Pasar geografis juga diindikasikan mencakup area yang di dalamnya
perusahaan yang dipersoalkan terlibat dalam suplai produk dan/atau jasa yang
di dalamnya kondisi persaingan cukup homogen.
Pasal 1 angka 10 Undang-Undang No. 5 Tahun 1999 menyebutkan
jangkauan atau daerah pemasaran. Ini adalah pasar bersangkutan dari segi
geografis. Dengan identifikasi demikian, akan dapat ditentukan pasar-pasar
dengan jangkauan berbeda-beda, pasar lokal, pasar regional, pasar nasional,
pasar supranasional atau pasar dunia.
Pasal 1 angka 10 Undang-Undang No. 5 Tahun 1999 menyebutkan
daerah pemasaran. Daerah pemasaran adalah wilayah dimana pemasok barang
dan/atau jasa sedang mengalami persaingan. Dalam prakteknya tidak sulit
untuk menentukan kriteria tersebut, tetapi untuk mengidentifikasi pasar
geografis tidak dapat digunakan secara terpisah dari faktor-faktor lain yang
membatasi lebih lanjut daerah pemasaran. Selain itu struktur distribusi yang
sudah mantap kedudukannya dapat merupakan indikasi adanya pasar yang
sudah tertutup, karena struktur pemasaran tersebut merupakan hambatan
masuk pasar bagi pelaku usaha yang belum terintegrasi.

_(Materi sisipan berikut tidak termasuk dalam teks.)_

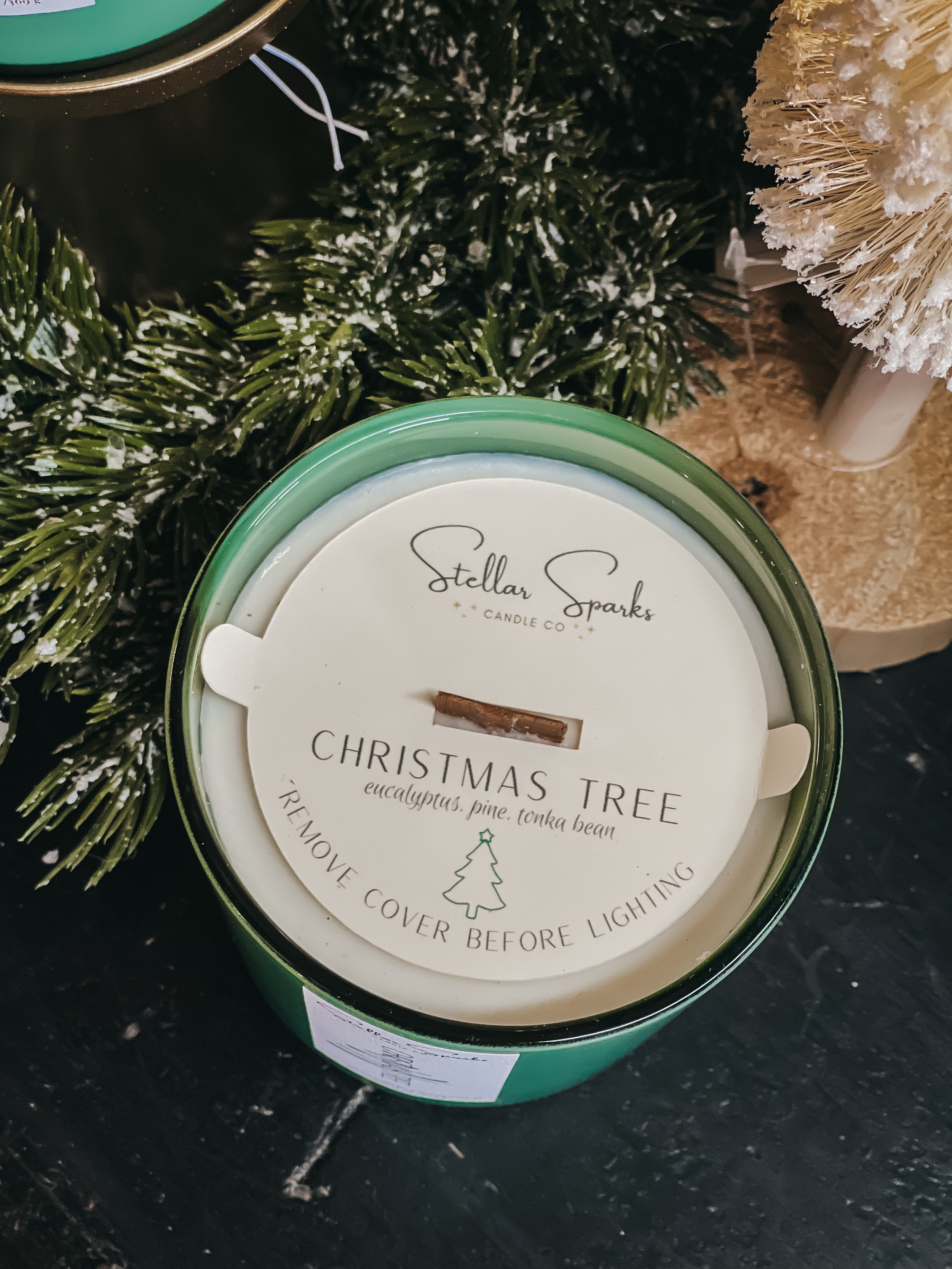 Flowers & Gifts › Christmas Tree Candle Image 1 of 2 Image 2 of 2 Christmas Tree Candle $32.99 One 13oz Christmas Tree wood wick candles with scent notes of eucalyptus, pine, and tonka bean Quantity: Add To Cart Added! One 13oz Christmas Tree wood wick candles with scent notes of eucalyptus, pine, and tonka bean

Praktek di Indonesia mengidentifikasi pasar geografis, biaya
transportasi berperan penting, karena dari biaya tersebut dapat dijelaskan
jangkauan wilayah barang dan/atau jasa bersangkutan dapat dipasok secara
ekonomis. Ketentuan hukum persaingan menentukan bahwa ketika
penting.
Hal berikutnya yang perlu diperhatikan adalah pasokan barang dan/atau
jasa yang terikat tempat. Barang dan/atau jasa tertentu hanya dapat dipasok di
daerah yang sempit. Hal ini terutama berlaku untuk jasa yang berkaitan dengan
kenyataan benda tidak bergerak. Karena itu dalam praktiknya di Indonesia jasa
pelabuhan dibatasi pada kawasan fasilitas pelabuhan bersangkutan sebagai
pasar geografis. Sama halnya dengan jasa yang disediakan oleh pengelola
bandar udara.
Unsur selanjutnya yang menentukan pasar geografis adalah kebiasaan
permintaan tertentu. Pasal 1 angka 10 Undang-Undang No. 5 Tahun 1999 tidak
mencantumkan hal ini secara eksplisit, namun dapat dikatakan dari materinya,
karena daerah pemasaran tertentu tergantung kepada permintaan yang terbatas
pada daerah tertentu. Preferensi pembeli lokal yang diakibatkan berbagai
sebab, dapat menimbulkan struktur permintaan yang berbeda-beda.